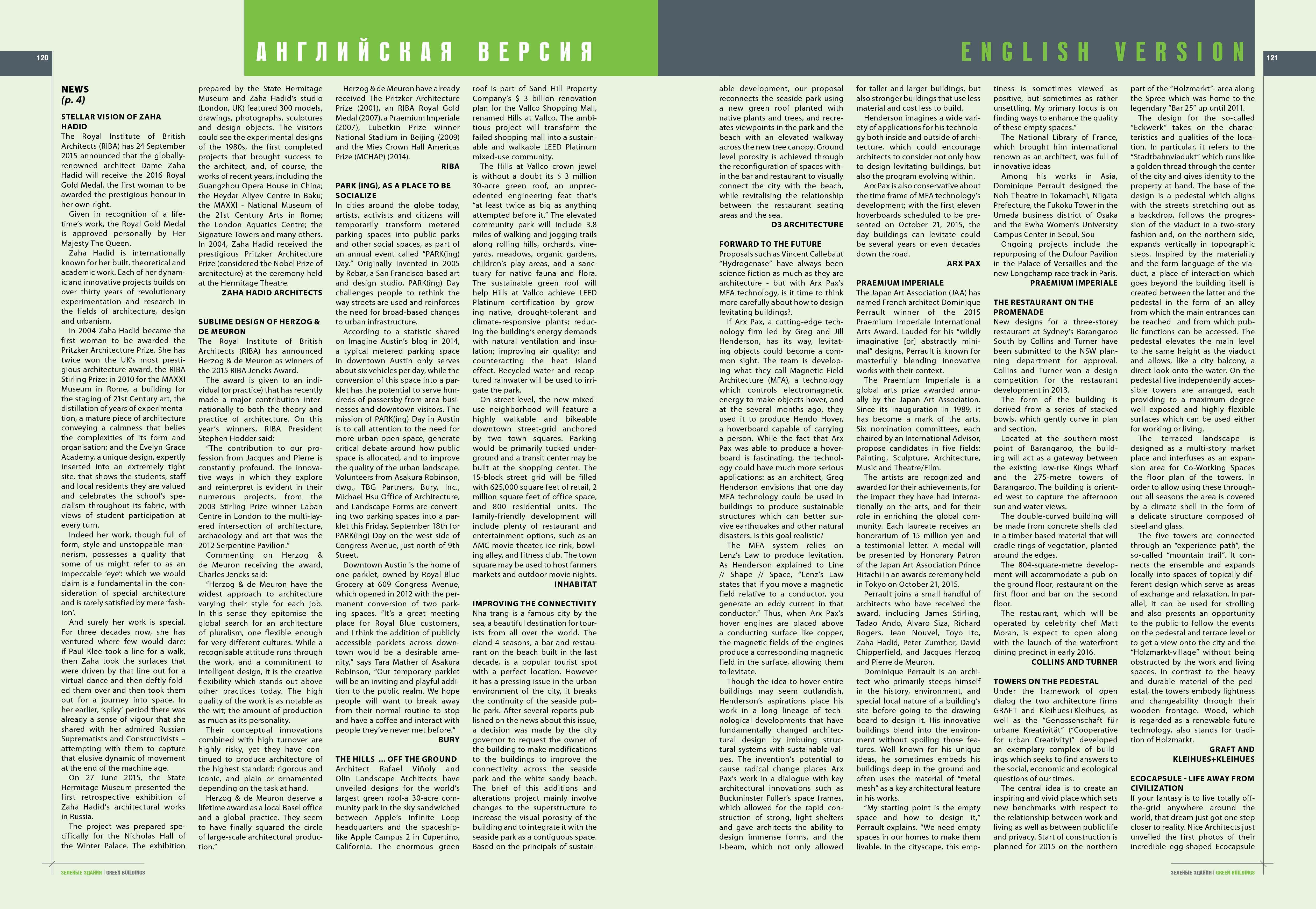 Tạp chí Green Buildings của Nga giới thiệu về phương án cái tạo nhà hàng bên bờ biển Eland Four Seasons Nha Trang của D3 Architecture trong số 03/2015 với tiêu đề Improving Connectivity.
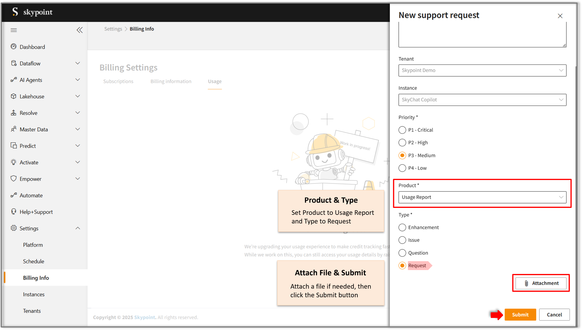The Usage Report with computed details can typically be accessed from the Usage tab. However, it is currently unavailable due to an ongoing system upgrade. In the meantime, compute details can be manually requested by submitting a Support Request Form, available in both the Help + Support Module and the Usage tab under Billing Info in the Settings module.Steps to Submit a New Support Request for a Usage Report
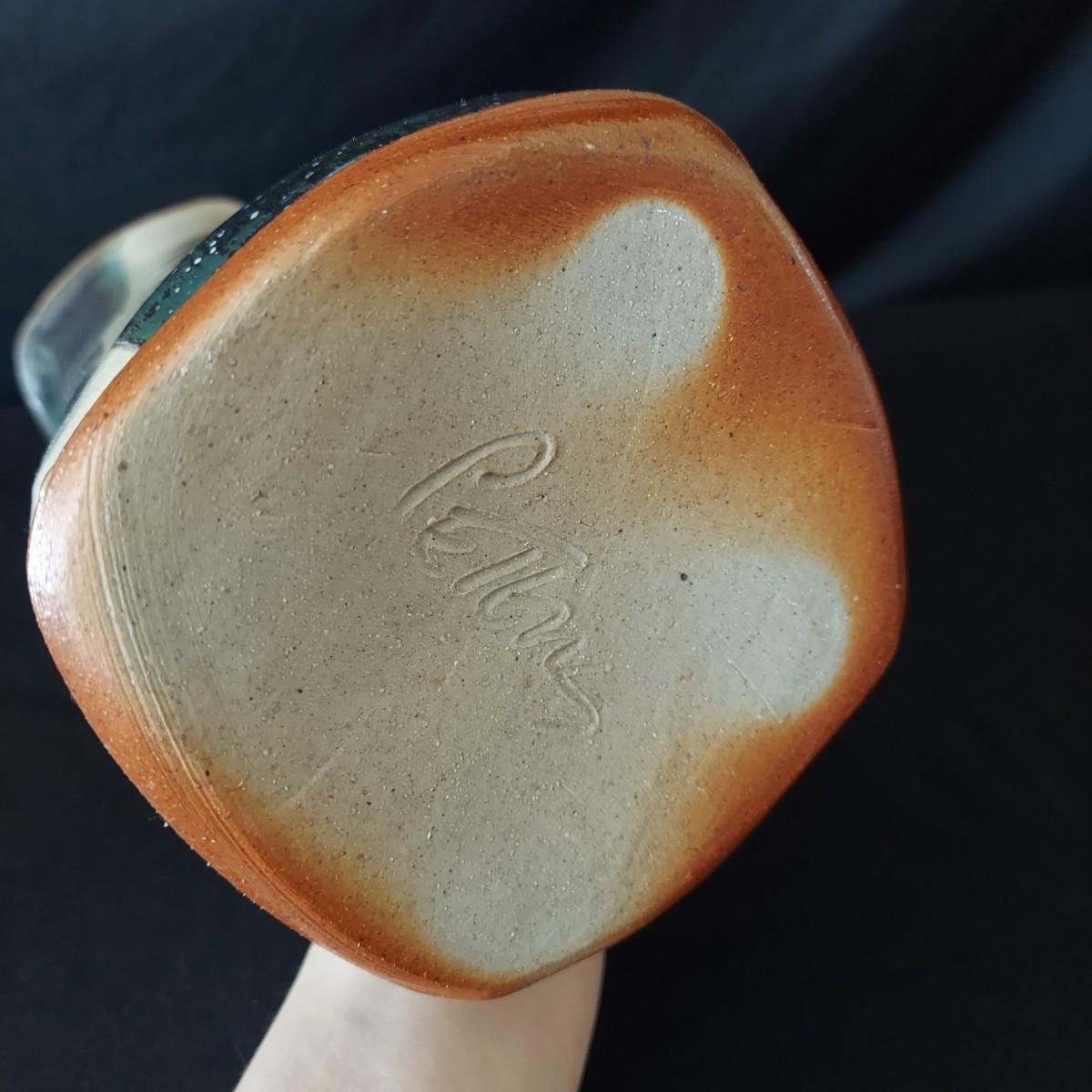 Three stoneware vases in various sizes and a small bowl. Tall square vase marked Peters measures 4.5"SQ x 13"H. The smallest vases is 4"D x 3"H. All pieces appear to be signed on the bottom. Please see photos for details. Shipping available

**WHAT YOU ARE ASKED TO DO**
No pictures go in the copy. Set down all the data exactly.

**RESPONSE BOX**
 Tạp chí Green Buildings của Nga giới thiệu về phương án cái tạo nhà hàng bên bờ biển Eland Four Seasons Nha Trang của D3 Architecture trong số 03/2015 với tiêu đề Improving Connectivity.
The Usage Report with computed details can typically be accessed from the Usage tab. However, it is currently unavailable due to an ongoing system upgrade. In the meantime, compute details can be manually requested by submitting a Support Request Form, available in both the Help + Support Module and the Usage tab under Billing Info in the Settings module.Steps to Submit a New Support Request for a Usage Report
 Three stoneware vases in various sizes and a small bowl. Tall square vase marked Peters measures 4.5"SQ x 13"H. The smallest vases is 4"D x 3"H. All pieces appear to be signed on the bottom. Please see photos for details. Shipping available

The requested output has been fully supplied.